Barracoon has been actively and continuously celebrated by some of the most important voices of contemporary literature. Toni Morrison and Tracy K. Smith, two prominent women of color writers, acknowledged the significance of Hurston’s book. Morrison called Hurston “one of the greatest writers of our time,” and Smith called Barracoon “a story of urgent relevance to every American, everywhere.” The New York Times noted the significance this publication has in amplifying Hurston’s literary legacy. The Guardian proclaimed the book’s “belated publication of her phonetic transcription offers spine-chilling access to one of modernity’s great crimes, an atrocity that, when described by a victim, suddenly becomes far less distant.” And the Washington Post celebrated the book as “a stunning addition to several overlapping canons of American literature.”
Another significant woman of color writer, Alice Walker, contributed a foreword to the publication of Barracoon. In the foreword, she wrote, “Zora Neale Hurston’s genius has once again produced a Maestrapiece.” Walker contributed more than just words, though. She’s largely responsible for the resurgence of Barracoon and its recent publication. In the 1970s, Walker publically encouraged the reading of Hurston’s works—ranging from Their Eyes Were Watching God to Dust Tracks on a Road. This public affirmation of Hurston’s talent provided the writer with a wider readership. Walker never lost sight of Hurston’s vision and eventually supported the posthumous publication—leading Lewis’ story to an attentive audience.

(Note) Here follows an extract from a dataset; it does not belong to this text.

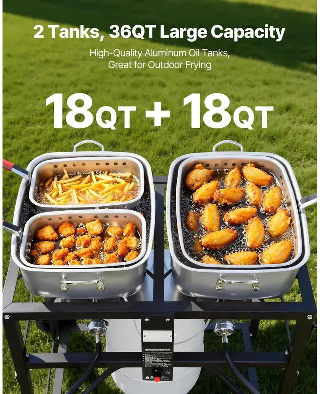 Fryer Size: 36.61x22.44x29.53 in / 930x570x750 mm,Tank Size: 15.83x12.68x5.31 in / 402x322x135 mm,Number of Burners: 2,Burner Heat Output: 40,000 BTU/HOUR (each),Fuel Type: Propane,Tank Capacity: 36QT / 34L (total),Main Materials: Stainless Steel ,Small Basket Size: 11.42x7.68x4.13 in / 290x195x105 mm,Big Basket Size: 15.67x12x4.13 in / 398x304x105 mm,Item Model Number: DBF18QT,Product Weight: 38.58 lb / 17.5 kg,Number of Fry Baskets: 3,Tube Length: 24 in / 610 mm

In celebration of Hurston’s accomplishments, and in wonder of Lewis’ strength and perseverance, the media has taken note of Barracoon. Praised internationally in literary and cultural journals, news outlets, and Alabama-based newspapers, Lewis’ story can finally spread far and wide. Published in 2018, his story reminds his reader how far former slaves have gone, and what more needs to be done to create true equality. Lewis’ story will leave a big impression on all who read it—after all, it’s amazing how much he endured, and the positive life he created for himself in America.
While Hurston never lived to see the success of Barracoon, its presence now leaves an indelible mark on the art of American storytelling. Barracoon signifies the necessity for actively sought social justice. Most importantly, the story depicts the role listening can play in freedom. Lewis was liberated by his conversations with Hurston. His story will provide solace to those with similar family histories. Both Hurston and Lewis left a legacy of friendship. Hurston’s Barracoon is a collaboration with Lewis—she treated him like an equal, not as a subject. In so doing, Hurston shows a way forward into the American future. It’s all thanks to Lewis, who bravely voiced his unforgettable story.